Exercise brief:
The answer must be an exact copy of the lines from the one with "Full-zip midweight track" through the final line below, with no pictures and nothing else.
————
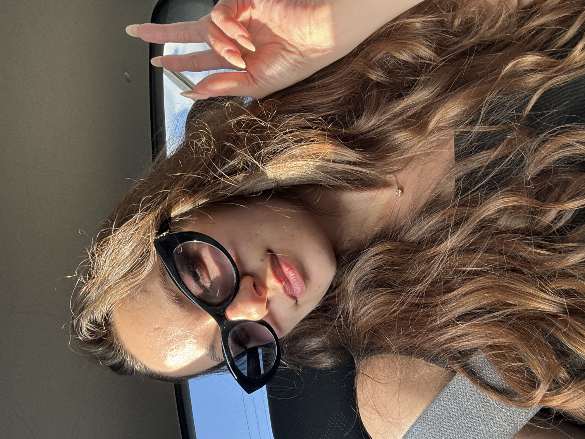 A woman with long, wavy brown hair and wearing black sunglasses is indoors, likely in a vehicle
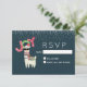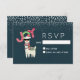 A Christmas RSVP with a whimsical design. A cute llama wearing black sunglasses, a red santa hat, and a festive winter scarf. Also wearing a south american styled blanket and pompoms on his neck. The word Joy written above his head in a festive colourful font. Snow falling down from the top. Set on a dark bluebackground.
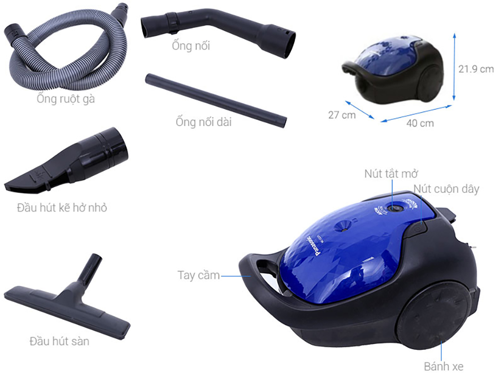 - Khoang chứa bụi:Dùng túi chứa bụi 1.4 lít
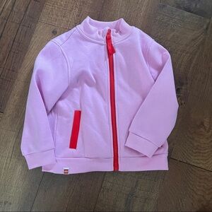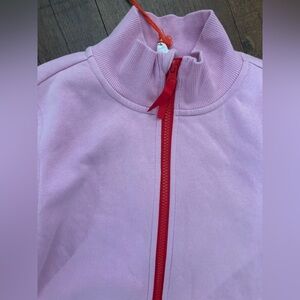 Full-zip midweight track full zip sweatshirt in light pink & red
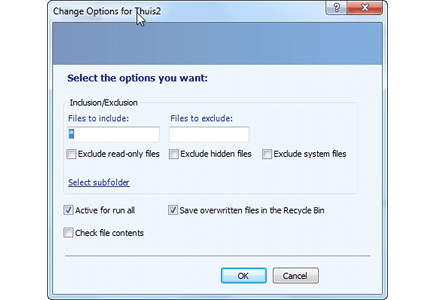 Een eerder ingestelde synchronisatie kunt u achteraf aanpassen. In het hoofdvenster selecteert u de synchronisatie die u wilt aanpassen. Wilt u de actie - Synchronize, Echo of Contribute - veranderen, klik dan op Change action. Wilt u geavanceerde instellingen aanpassen, dan kiest u voor Change options. In het vak Inclusion/Exclusion kunt u aangeven of u specifieke bestanden wilt opnemen of juist uitsluiten. Wilt u bijvoorbeeld niet dat tijdelijke tmp-bestanden worden gesynchroniseerd, dan typt u *.tmp in het vak Files to exclude. Daarnaast kunt u alleen-lezen bestanden uitsluiten (Exclude read-only files), verborgen bestanden uitsluiten (Exclude hidden files) en systeembestanden uitsluiten (Exclude system files). Om een submap binnen een synchronisatie uit te sluiten, kiest u voor Select subfolder. Onderin het instellingenvenster vindt u nog een interessante optie: Check file contents. Dit is een extra zekerheidsinstelling, waarmee alle gekopieerde bestanden en mappen op bitniveau met elkaar worden vergeleken. Zo is SyncToy er zeker van dat alle gekopieerde bestanden identiek aan elkaar zijn. Het inschakelen van de optie zorgt er wel voor dat het synchroniseren meer tijd in beslag neemt.
————
Solution to the exercise:
 Full-zip midweight track full zip sweatshirt in light pink & red
 Een eerder ingestelde synchronisatie kunt u achteraf aanpassen. In het hoofdvenster selecteert u de synchronisatie die u wilt aanpassen. Wilt u de actie - Synchronize, Echo of Contribute - veranderen, klik dan op Change action. Wilt u geavanceerde instellingen aanpassen, dan kiest u voor Change options. In het vak Inclusion/Exclusion kunt u aangeven of u specifieke bestanden wilt opnemen of juist uitsluiten. Wilt u bijvoorbeeld niet dat tijdelijke tmp-bestanden worden gesynchroniseerd, dan typt u *.tmp in het vak Files to exclude. Daarnaast kunt u alleen-lezen bestanden uitsluiten (Exclude read-only files), verborgen bestanden uitsluiten (Exclude hidden files) en systeembestanden uitsluiten (Exclude system files). Om een submap binnen een synchronisatie uit te sluiten, kiest u voor Select subfolder. Onderin het instellingenvenster vindt u nog een interessante optie: Check file contents. Dit is een extra zekerheidsinstelling, waarmee alle gekopieerde bestanden en mappen op bitniveau met elkaar worden vergeleken. Zo is SyncToy er zeker van dat alle gekopieerde bestanden identiek aan elkaar zijn. Het inschakelen van de optie zorgt er wel voor dat het synchroniseren meer tijd in beslag neemt.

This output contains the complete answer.